Because worms have developed (and are continuing to build) resistance to deworming drugs, horse owners need to investigate other feasible options for parasite control—for example, pasture management.
For several decades horse owner didn’t think we needed to do any pasture management. We have assumed we could depend on deworming drugs. We now know that managing pastures can help control the small strongyles (cyathostomes) that plague mature horses. “On any horse farm, most of these worms are out on the pasture and not in the horses,” says Andrew S. Peregrine, BVMS, PhD, DVM, Dipl. EVPC, ACVM, associate professor in the Department of Pathobiology at the University of Guelph’s Ontario Veterinary College. “How you manage the pasture is more important than deworming when trying to keep parasites down to reasonable levels.”
Strongyles live inside the horse, embedded in the gut lining, then mature and lay eggs that are passed out with feces. The eggs hatch and larvae develop through two stages within the manure pile over a period of 3 days. Third-stage larvae, which are capable of infecting a horse, leave the manure and migrate onto forage plants to be swallowed. Removal of manure within 3 days can help decrease the number of mature larvae capable of infecting horses on the pasture. Successful establishment in a new host represents the beginning of a new parasitic cycle.
When removing manure from pasture for composting, using windrows helps kill the parasites in the manure. Windrow manure composting involves piling organic matter or biodegradable waste into long rows. Mary Rossano, PhD, an assistant professor in the University of Kentucky’s Department of Animal and Food Science, in Lexington, has been researching the effect of windrowing manure on parasite populations in horse pastures. In her recently published study, she showed that no strongyle or ascarid eggs survived more than a few days with windrowing.
Winter pasture management recommendations include moving the field before the snow arrives. Several studies during the 1920s and 1930s (before the advent of deworming drugs) looked at pasture management. “One study was done in the northeastern U.S. where winters are cold,” Nielsen recalls. “It showed that mowing pastures at the end of the grazing season, after horses were removed but before snow cover arrives, reduced winter survival of parasites. Tall forage, and then snow cover, helps insulate and protect the parasites. If the tall grass is gone, however, undulating temperatures, freezing and thawing, before and after snow cover, is detrimental to the strongyles.” Implementing this strategy in the winter could assist in parasite management.
Some parasitism is natural and low worm burdens likely won’t harm the horse.

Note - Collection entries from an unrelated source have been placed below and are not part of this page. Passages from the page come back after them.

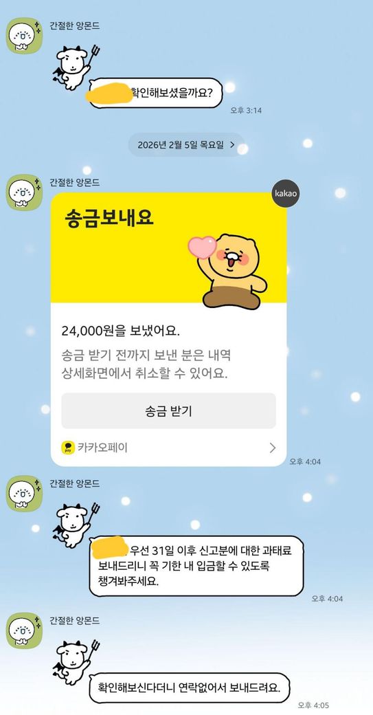 제가 1. 31. 근무는 하지 않았다고 하니 따지는게 기분 나쁘다는 듯 그 사람은 빼고 나머지 9명에 대해 납부하라면서 저한테 돈을 일방적으로 보냈습니다.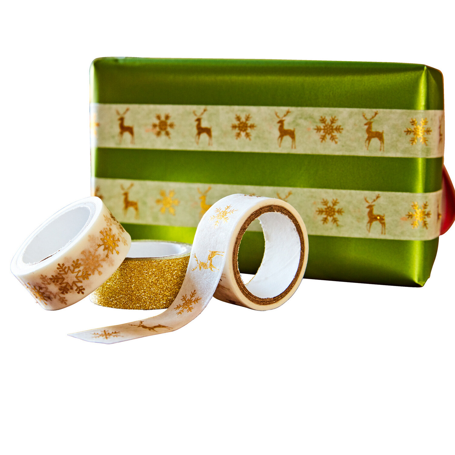 Ці елегантні пакувальні стрічки з 3 різдвяними мотивами полегшать пакування. Просто наклейте їх - і все готово!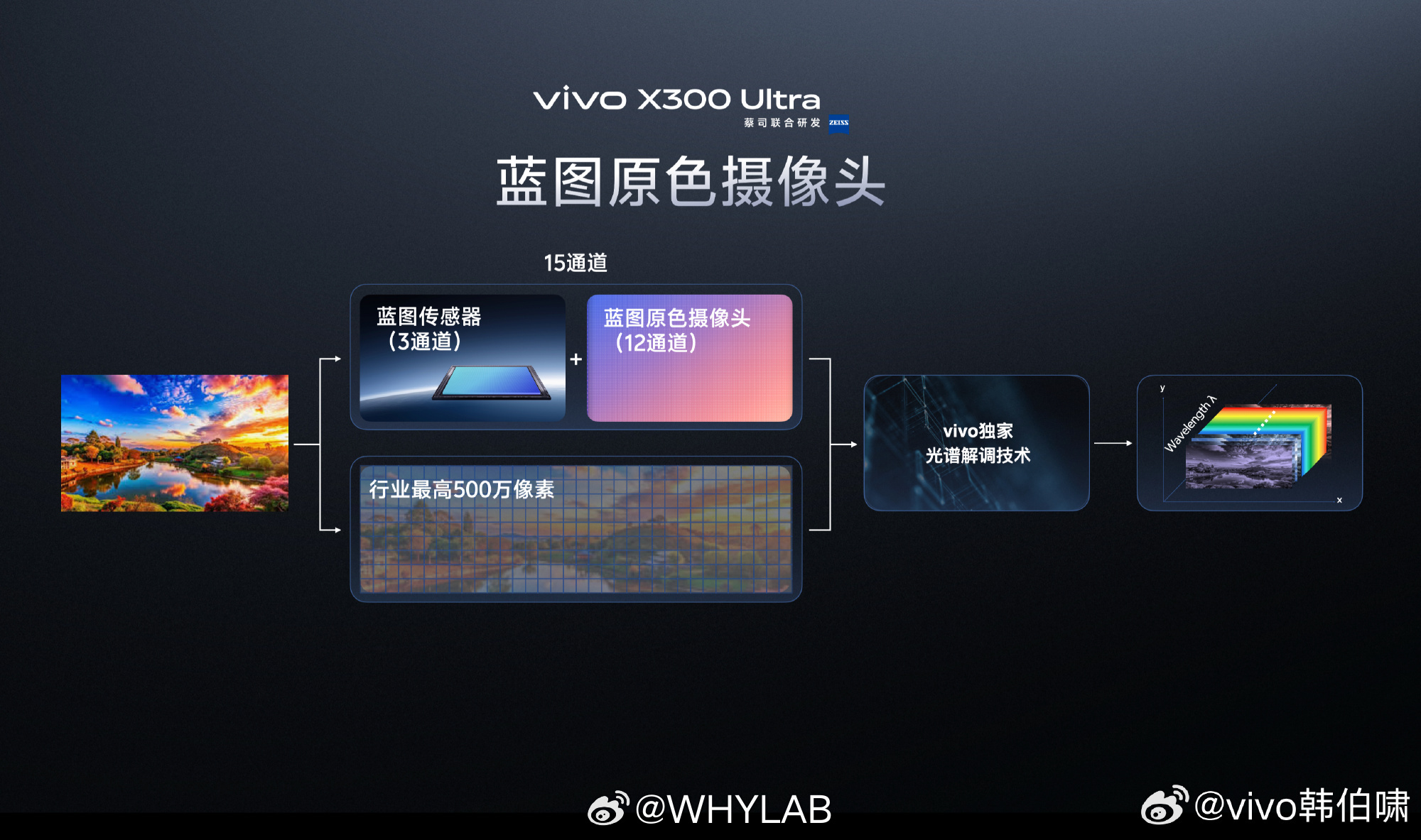 好家伙,vivo X300 Ultra 搭载蓝图原色摄像头,拥有行业最多的 12 光谱通道,行业最高 500 万像素,可能是目前最强大的光谱采集类摄像头硬件。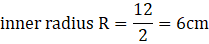 Thus, Volume of hollow space = πR2 h = 3.14 × (6)2× 100

After all, horses must come into contact with a few parasites to develop immunity. “It’s impossible to eliminate the worms completely,” Nielsen says. “We tried that, and the end result is drug resistance.” This is why performing a quantitative fecal egg count regularly to determine if deworming is necessary is also an important part of routine health care. Ideally, by managing our pastures we can ensure horses don’t pick up many worms in the first place, which reduces the need for dewormers.